ビートレスとは、長谷敏司氏による日本SF小説です。単行本は2012年10月10日発売。高度な人型のAIが多数出てくる世界観で、最近その設定されている概念が現実化されてきたと感じるニュースが多かったので、まとめてみました。AI時代の世界観、価値観の想像力を鍛えられる、大変刺激的で面白い作品なのでお勧めです。
長谷さんが設定された世界観の内容は、Analoghack Open Resourceとして公開されています。

<ストーリー>
22世紀初頭、社会のほとんどをhIEと呼ばれる人型ロボットに任せた世界。21世紀中ごろに超高度AIと呼ばれる汎用人工知能が完成し、人類知能を凌駕、人類はみずからよりはるかに高度な知性を持つ道具とともに生きていた。100年あまりで急激に進行した少子高齢化により労働力は大幅に減少したが、その穴をhIEが埋めることで社会は高度に自動化され、生活は21世紀初頭よりも豊かになっていた。
そんななか、hIEの行動管理クラウドのプラットフォーム企業「ミームフレーム社」の研究所から5体のレイシア級hIEが逃亡する。「モノ」が「ヒト」を超える知性を得たとき、「ヒト」が「モノ」を使うのか、「モノ」が「ヒト」を使うのかといったテーマと、「ヒト」と「モノ」のボーイ・ミーツ・ガールを描く。

wikipedia

「国際人工知性機構」(IAIA:The International Artificial Intelligence Agency)

「国際人工知性機構」(IAIA:The International Artificial Intelligence Agency)は、アメリカのマサチューセッツに本拠を置く国際機関です。
 IAIAは、IAIA憲章に基づいて2054年に設立されました。
 超高度AIが人類の発展のために正常に管理されて運用されていることを監視することを、その設立目的としています。
 IAIA憲章に基づき、「超高度AIと人間社会の共存に関わる条約」を締結し、締結国同士の仲立ちを行い、必要な情報収集を独自に行うことを組織目的とします。条約については、正式名称ではありませんが「IAIA条約」で通ります。
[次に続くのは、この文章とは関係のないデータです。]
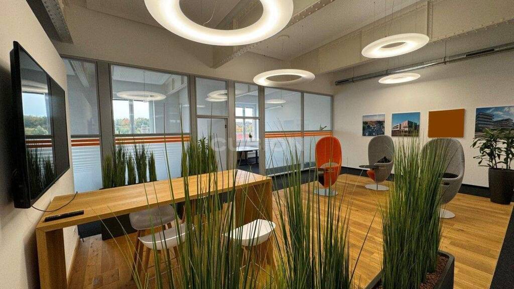 Zur Verfügung stehen insgesamt rund 1.500 m² Bürofläche, aufgeteilt in ca. 800 m² im 1. Obergeschoss sowie ca. 700 m² im 2. Obergeschoss. Die Etagen bieten vielseitige Gestaltungsmöglichkeiten - von offenen Arbeitslandschaften bis hin zu klar strukturierten Büro- und Besprechungsbereichen. Glaswände unterstützen dabei eine helle, transparente Raumwirkung.
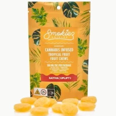 Enhanced with botanical terpenes! Smokiez Sweet Tropical Fruit Chews are NOT YOUR AVERAGE FRUIT CHEWSâ„¢ ;) These fruit chews taste like a mesh of fresh tropical fruits, with a balance of sweetness and fruity notes. These delicious fruit chews are a tasty and discreet way for you to indulge! They are also made with plant-based ingredients, dairy-free, and contain NO high fructose corn syrup. Each of our mouth watering fruit chews contain 10 mg of THC, and made with our high clarity cannabis distillate for great taste. There are 10 pieces per package with 100 mg active THC per package. Smokiez 100mg THC Fruit Chews come in 3 delicious flavors and have both sweet and sour flavor profiles
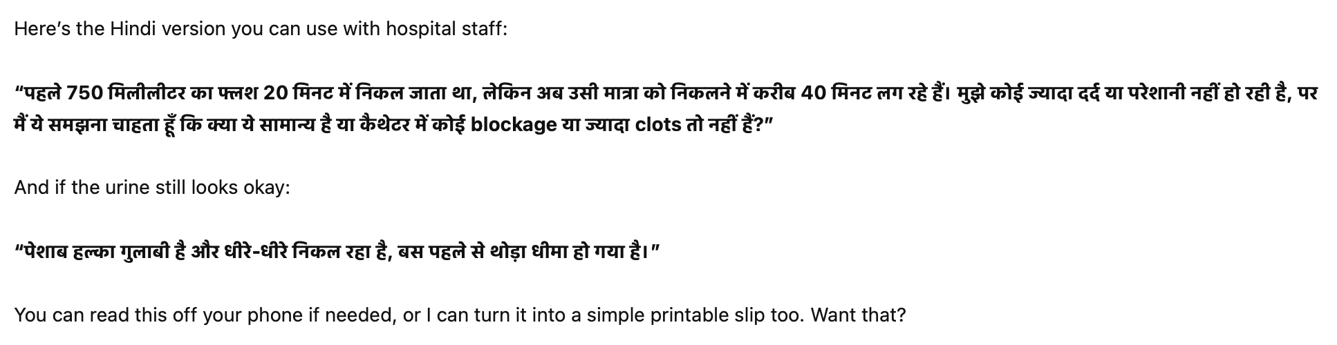 It didn’t just provide a clear answer — it even suggested how I should phrase my question to the nurse. Then, knowing I was in India, it went a step further: it gave me the Hindi translation of the question to help me communicate more effectively.
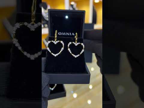 Omnia Bashair Golden Heart Drop Earrings in 925 Silver with High-Quality White Simulated Diamonds
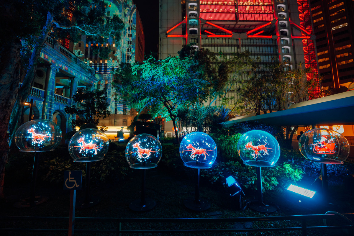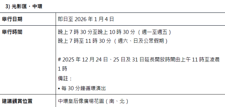 「光影匯・中環」結合多幢大廈外牆的十多幕4K高清投影、動畫、燈光特效,以及地面立體視覺裝置,甚至多棵大樹上時刻變動的光影,呈現多層次視覺效果。諸多冬日場景整晚環繞「聖誕天地」,栩栩如生的冬日聖誕影像同時呈現在場內約30個立體全息投影球,市民和旅客可近距離打卡,提升觀賞體驗。9首經典節日樂曲亦重新編曲,貫穿整個演出打造沉浸式視聽體驗。
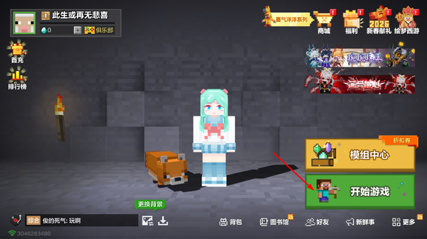 1、玩家进入游戏后,点击右下角的开始游戏按钮;

正式名称で呼ばれることが一般の場ではほとんどない条約名でもあります。
 IAIAは、人間に対しては独自の捜査権や逮捕権などを持つわけではありませんが、条約締結国の警察機関にそれを要求することができます。
 また、条約締結国において、超高度AIおよび高度AIに関わる調査を行う権利と、査察を要求する権利を持っています。
 超高度AI《アストライア》を運用しており、常に超高度AIの影響を監視し続けています。

Analoghack Open Resource

グテレス国連事務総長は12日、ニューヨークの国連本部で記者会見し、急速に進化する人工知能(AI)を管理するため、国際原子力機関(IAEA)に似た国際機関を設置するべきだとの意見に「賛同する」と述べた。

アナログハック

アナログハックとは、「人間のかたちをしたもの」に人間がさまざまな感情を持ってしまう性質を利用して、人間の意識に直接ハッキング(解析・改変)を仕掛けることです。 
 人間は、人間の〝かたち〟をしたものに反応する本能を持っています。たとえば〝笑顔〟を描いた絵や映像を見ることで幸福な気持ちになることができます。あるいは、警官の絵を描いただけの看板を見て、警戒心を呼び起こされて車のスピードをゆるめたりします。
 これは脳が持つ性質から、人間の意識が無意識にそう動くものです。
 ですが、この性質は、我々の感情や意識が、〝人間のかたち〟をつくことで接触可能な、悪用のおそれがあるセキュリティホールを持っているのだとも言えます。

Analoghack Open Resource

創設者で写真共有アプリSnapchat(スナップチャット)に180万人のフォロワーを持つ人気インフルエンサーのカリン・マージョリーのツイートによれば、利用者数は5月10日までに500%増加。23歳のマージョリーは、1分当たり1ドル(約136円)を支払ってでも彼女と仮想チャットを楽しみたい1000人以上のファンから、これまでに7万1610ドル(約970万円)超の収益を得たという。

ChatGPT とは異なる Replika は、感情支援のための AI を作ることに注力している会社だ。2016年にアメリカで設立された同社は、友人や恋愛相手の役割を担う看板商品を設計しており、英語が堪能な多くの中国人ユーザが、Replika と強い愛着を築き、Douban で恋愛遍歴を共有することに心を開いている。中国語版がないにもかかわらず、Replika は2021年上半期に中国で55,000回ダウンロードされ、2020年全体のユーザ数の2倍ととなった。

行動の一般化(AASC)

 hIEの協調行動は、「世界を箱庭とみなし、その内部をhIEからのフィードバック情報で詳細計算し、異常行動を起こさないよう人形(hIE)を動かす」というかたちで、保たれています。
 hIEがそれぞれセンサの集積体であることから、このフィードバック情報を元に「巨大な頭脳」が世界の模式図をイメージして、その内部に動かすべきhIEを仮想配置しているのです。このイメージはリアルタイム更新され、その中で共通の制御方式を持ったhIEが協調行動を執り行っていることを監視しています。
 これに失敗したデータが上がってきた場合は、すぐさま「巨大な頭脳」が自ら作った制御方式を再検証し、必要があれば即座に修正パッチを開発します。
 hIEの行動はネットワーク上にあるクラウドのプログラムで制御しています。このため、常に新しく起こる問題や変化に、あらゆる機体が最速で適応できます。
 「巨大な頭脳」=超高度AI《ヒギンズ》の能力に頼る方式ですが、hIEの行動制御方式としては、これが『BEATLESS』世界での他律方式制御の最先端です。
 この仕組みは行動適応基準レベル(action adaptation standard class=AASC)と呼ばれ、これが制御言語の名前としても取り扱われています。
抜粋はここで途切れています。